Just curious. is any one else irked by the MSM reporting the departure of the last Roto to Afghanistan?


----------



## PMedMoe (5 Nov 2010)

Any links?

Or did you mean just the fact that they are reporting this is the last Roto?


----------



## TSM A (5 Nov 2010)

was talking in general, but Global is reporting the last Canadians going to the 'Stan.
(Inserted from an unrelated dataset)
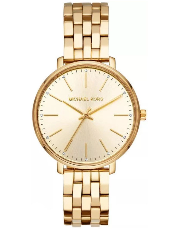 Zegarek Michael Kors MK3898 Pyper to szykowny, elegancki czasomierz oparty o klasyczny design. Złota koperta oraz bransoleta zostały wykonane ze stali szlachetnej co gwarantuje wieloletnią odporność na zniszczenie. Model posiada dokładny mechanizm kwarcowy zasilany baterią. Całość przykrywa odporne na zarysowania szkło mineralne.

http://www.globalnational.com/video/index.html?releasePID=b7G0hdiosyc4KRLiZzbALbvHBf_FSOhG


----------



## Armymedic (5 Nov 2010)

I havent seen the other reporting specific to the "last combat mission". But what I see from the Global piece, it seems straight forward and professional; Other than they fail to point out that there will be one more rotation of troops to close out the mission after this "last combat mission" rotation.


----------



## TSM A (5 Nov 2010)

it was a well done story, but it's still wrong. this roto is the last "full" combat roto, while TF1/11 will only have a couple of months of combat before the mission ends. but how's splitting hairs.


----------



## Armymedic (5 Nov 2010)

I sure it will be "full" enough with 2 way ranges and random explosions to count.


----------



## GAP (5 Nov 2010)

Rider Pride said:
			
		

> I sure it will be "full" enough with 2 way ranges and random explosions to count.



Is someone going to send them the memo?


----------